Oggi chiedono di tornare a casa. Si dicono pentiti e vogliono essere giudicati secondo le leggi europee, le stesse che ieri avevano ricusato. Le “vedove del jihad” in particolare. Ma nessuno, per ora, sembra rivolerli indietro. Il problema è che se saranno giudicati secondo il codice iracheno devono essere condannati a morte. Così anche in Siria, seppur nessuno o quasi in Europa riconosca il governo di Assad. Più complicato ancora il caso di quelli finiti nelle mani dei curdi che non sono uno Stato riconosciuto. L’unico modo per salvarli dalla pena capitale è chiederne l’estradizione, che iracheni, siriani e curdi sarebbero disponibili a concedere: ne hanno già abbastanza dei loro. Ma per ora l’Europa resiste a tale scelta. Un velo imbarazzato di silenzio cala su molte storie, a meno che le famiglie non se ne facciano carico. Ma si tratta di pochi casi: spesso nemmeno i parenti sono disposti a riprendersi i “mostri” che li hanno traditi. Su di loro pesa un terribile stigma: quello di aver accettato di far parte del peggior progetto di morte contemporaneo.

«Tiratemi fuori di qui, non importa se finisco in prigione», grida dalla sua cella “Jihadi Jack”, come si faceva chiamare il ventunenne britannico Jack Abraham Letts, nato nel 1995 a Oxford, una volta parte dell’Isis e ora in mano dei curdi. Detenuto nel carcere di Qamishli, è stato intervistato dalla Bbc e ha inviato un video alla famiglia in cui dice di essere stato torturato. Preso nel maggio 2017, era stato trattato bene in vista di una sua restituzione che non è mai avvenuta. Di conseguenza le sue condizioni sono peggiorate.

I genitori hanno scritto al “The Mail on Sunday” e iniziato una campagna per riaverlo, anche con lo sciopero della fame. Ma le autorità nicchiano, anzi: i genitori sono stati deferiti davanti al tribunale per “finanziamento al terrorismo” dopo che avevano inviato al figlio dei denari per cercare di liberarlo.

Dopo la morte di Sally Jones, meglio conosciuta come “la vedova bianca dell’Isis” e il dibattito che ne è seguito, le autorità britanniche hanno fatto capire che la cosa migliore per il Regno Unito è che tutti gli ex foreign fighters britannici siano giudicati in loco, rischiando dunque la pena capitale. I servizi inglesi calcolano circa 850 foreign fighters inglesi, di cui 150 uccisi e 400 rientrati. Londra ha fatto ufficialmente un’eccezione per due membri britannici della cellula “beatles”, l’orrido quartetto che decapitava gli ostaggi capeggiata dal tristemente famoso “Jihadi John”. Entrambi sono sotto richiesta di estradizione degli Usa e pare che per loro non sarà richiesta nessuna garanzia sulla non applicazione della pena di morte. L’opposizione laburista ha criticato la decisione come «abbandono segreto e unilaterale dell’opposizione alla pena capitale». Anche in Germania c’è stata polemica dopo la cattura di Linda Wenzel, 16 anni, arrestata dagli iracheni. In questo caso le autorità tedesche - considerata anche l’età della ragazza - sono riuscite ad evitarle la pena capitale, senza però chiederne la riconsegna.
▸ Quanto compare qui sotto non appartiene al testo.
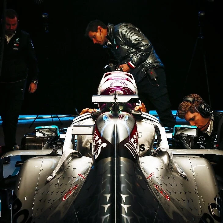 «Классика» в исполнении Льюиса хорошо подошла к красному акценту, появившемуся на ливрее команды благодаря началу сотрудничества с Ineos.
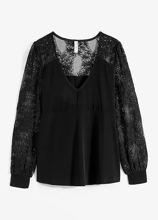 Jersey tunic with a V-neck collar and sheer sleeves. Length approx. 64 cm.

Molti paesi europei seguono una linea di condotta simile: nessuno vuole più questi figli di nessuno. Soltanto in Danimarca è stato creato un programma di reintegrazione ufficiale (“Abbraccia un jihadista”), ma i numeri sono piccoli e il compito - forse - più facile.

In Francia (circa 2.000 foreign fighters) la controversia fa molto discutere. Nel dicembre 2017 il quotidiano “Le Monde” ha aperto un dibattito pubblico sui “revenants” ancora in corso. I casi francesi sono numerosi. Colpisce la sorte di alcune donne come Mélina Boughedir di 28 anni, presa a Mosul con i suoi 4 figli piccoli. Ora è in carcere a Baghdad e il tribunale iracheno l’ha condannata all’ergastolo dopo averle inizialmente inflitto una condanna più mite. Mélina era giunta in Iraq con il marito Maximilien e 3 figli; il quarto lo hanno avuto in loco. A suo dire, il marito faceva il cuciniere dell’Isis ed è stato ucciso nella battaglia per la liberazione di Mosul. La situazione di Mélina è stata definita un “rompicapo” dai diplomatici francesi: le autorità di Parigi non hanno richiesto il suo rientro anche se lei ha dichiarato di non aver avuto alcun ruolo nell’Isis. Secondo i suoi avvocati, la mancata richiesta di estradizione ha influenzato i giudici iracheni.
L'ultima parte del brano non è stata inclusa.